Helping women to work their way out of poverty
Many women like Amina are transforming their lives with help from BRAC’s Targeting the Ultra Poor programme. The programme, which is aimed at vulnerable women, works with them to help improve their social and economic situation. During the last 11 years, over 400,000 women-led households in extreme poverty have seen their livelihoods improve through the initiative.
The programme assists women to create their own businesses, learn key business skills and increase their confidence. It also encourages community engagement - an important aspect of the programme. Women are able to graduate from the scheme once they have a stable income and can provide for their family.
Stats and facts
Targeting the Ultra Poor (TUP) programme has produced fantastic results. Overall 95% of the women have graduated from the scheme and 98% now have cash savings.
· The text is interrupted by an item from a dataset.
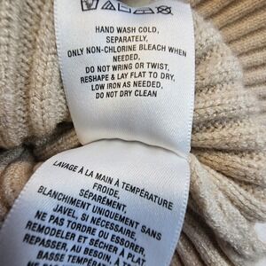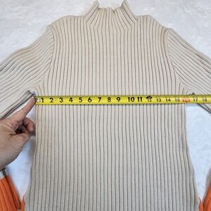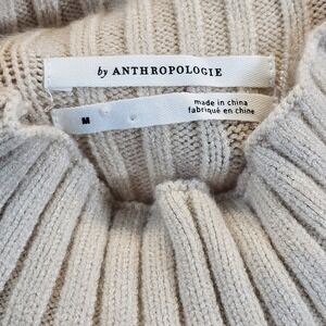 The Anthropologie Mock Neck Tan Orange Sweater is a stylish and warm option for women in size Medium. This sweater features a tight-knit design with a mock neck and long bell sleeves, perfect for adding a touch of elegance to any outfit. Made from a blend of polyester, nylon, and viscose, it is suitable for various occasions such as casual wear, parties, or travel. The beige color and ribbed detailing give this sweater a chic and versatile look, perfect for the winter, fall, or spring seasons. Hand wash only to maintain its quality. No pets or smoke.

More women own successful businesses, more school aged children are going to school, community participation has increased and women have experienced increased social status in the village. From 2002 to 2008:
households living in tin-roofed houses rather than a roof made of straw and leaves increased from 44% to 94%.
households with a cow or bull increased from 3% to 77%
households with a goat or sheep increased from 6% to 34%
households with poultry increased from 33% to 63%
and households with cash savings increased from 8% to 98%.
The programme is running throughout Bangladesh and the model has been replicated by governments and NGOs in 9 countries including Ethiopia, Honduras, Peru, Yemen, India, Canada, Pakistan, Afghanistan and Haiti. Currently, the model is also being rolled out in South Sudan.
The UK Department for International Development (DFID) is the largest donor for the Targeting the Ultra Poor (TUP) programme. DFID has been part of a consortium supporting the programme for the last 9 years, alongside AusAID, the European Commission, CIDA, Oxfam Novib and Unilever Group.
MDG Countdown 2013
UK aid and USAID are hosting an event, MDG Countdown 2013, on Tuesday 24 September during the UN General Assembly in New York, to showcase how girls and women are a force for change in helping the world achieve the Millennium Development Goals.